Articles
of Faith: Religious right’s moral failures a result of repressive
religion
by Rev. Steven Baines
As
someone who was raised and ordained as a Southern Baptist, I was saddened,
but not shocked, at news of the recent arrest of Rev.
Lonnie Latham (pictured),
a minister from Tulsa, Okla., and executive committee member of the virulently
anti-gay Southern Baptist Convention. Rev. Latham was reportedly arrested
for propositioning a male undercover police officer in front of a motel
known as a high-traffic area for gay hustlers. Unfortunately, Rev. Latham’s
story is one repeated by those in the darkest corners of the closet who
are trapped by the damaging teachings of misguided religious leaders.
The fall of this religious right figure is part of an inevitable cycle
of scandal, as the self-appointed guardians of “traditional values,” their
moral ships sinking from under them, find themselves in the lifeboat with
the rest of us sinners. The moral hypocrisy of many right-wing religious
leaders comes from their fundamental misunderstanding of religion as the
practice of a complicated and esoteric set of rules designed to restrict
human freedom, rather than a way of living which frees individuals to lives
of greater compassion and personal growth.
The incidences of national conservative religious leaders caught in scandal
are many, and run the gamut from the
tragic hypocrisy of the closet to personal ethical lapses
to outright crimes. Here are a few recent high-profile examples:
Ralph Reed (pictured) — Reed, the former executive
director of the Christian Coalition, is embroiled in the Jack Abramoff
lobbying scandal and stands accused of using funds Christian conservatives
had donated to fight the spread of gambling, to actually promote gambling
on Native-American reservations.
Monsignor Eugene Clark (pictured) — Clark used his
pulpit at St. Patrick’s
Cathedral in New York City and program on the Eternal Word Television Network
to blame gay priests for the Catholic sex abuse scandal and once denounced
the United States as “the most immoral country in the Western Hemisphere.” He resigned
in August 2005 after an affair with his married secretary.
William Bennett (pictured) — Bennett is the standard-bearer
of the right-wing “traditional
values” crusade and chief propagator of one of the most damaging
lies being spread about the gay community: the “statistic” invented
by a discredited psychologist that the average age of death of gay men
is 43. In 2003, it was revealed that Bennett had a gambling addiction which
he kept hidden from his family, despite losing a reported $8 million.
John Paulk (pictured)— Paulk is the former chair
of Exodus International who appeared on the cover of Newsweek in 1998
as an “ex-gay,” and founder of Focus on the Family’s
ex-gay program Love Won Out.

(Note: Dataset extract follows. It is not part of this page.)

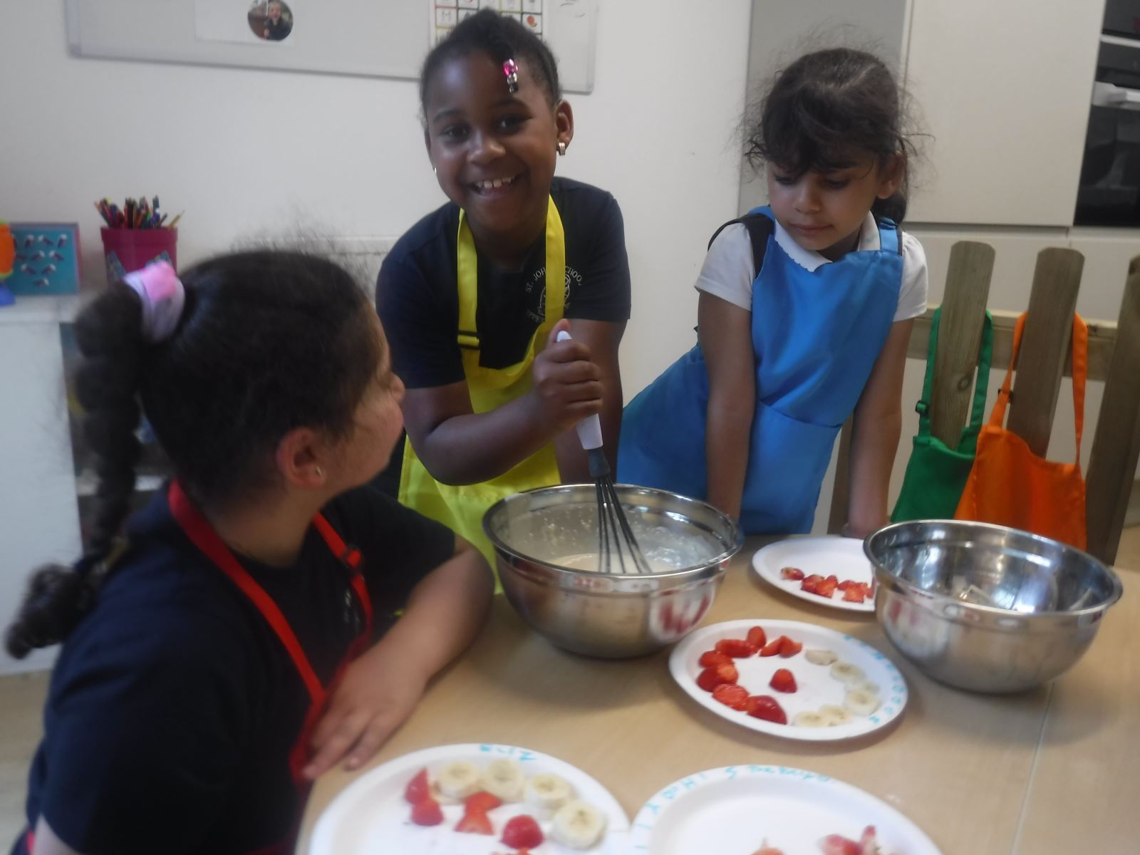 Children from years 1-3 at St Johns have been taking part in weekly after school cooking lessons. The children in the group have been focusing on developing and extending their cooking skills week on week. We have also supported the children to work together co-operatively as a kitchen team to produce a range of baked goods which they were then able to share with their families. To celebrate the end of the sessions we made healthy American pancakes with grated apple and fruit toppings.

He was discovered and photographed in September
2000 buying drinks for patrons in a gay bar in Washington, D.C. Although
Paulk left Focus on the Family in 2003 to pursue “other ministry
opportunities,” Love
Won Out continues to hold events across the country.
It is not my intention to cast stones of condemnation at these individuals.
We all have times when we need grace and forgiveness for our ethical failings
or inconsistencies, whether from religious communities or from the community
at large. There is, however, a profound need to understand that when religion
is used to bring repression and darkness rather than liberation and light,
it is toxic to both leaders and followers. It is inevitable that those
who pile so much guilt on the rest of the world will sooner or later be
crushed by it themselves.
The self-loathing that drives some public figures who have made careers
of espousing “moral values” into lives of deception as they
sneak into dive bars, cheap motels or gambling casinos for a night’s
escape from a life of repression is the same fear and shame that causes
them to lash out at LGBT people. The life-altering message that I and so
many other LGBT people of faith have found is that freedom comes not from
lies and denial, but by recognizing our mutual connection to all our neighbors
with honesty and humility in the face of the Creator.
— Based in Washington, D.C., Rev. Steven Baines is an elder in the
Christian Church (Disciples of Christ) and a member of the National Gay
and Lesbian Task Force National Religious Leadership Roundtable. He serves
as chaplain of Gay, Lesbian and Affirming Disciples.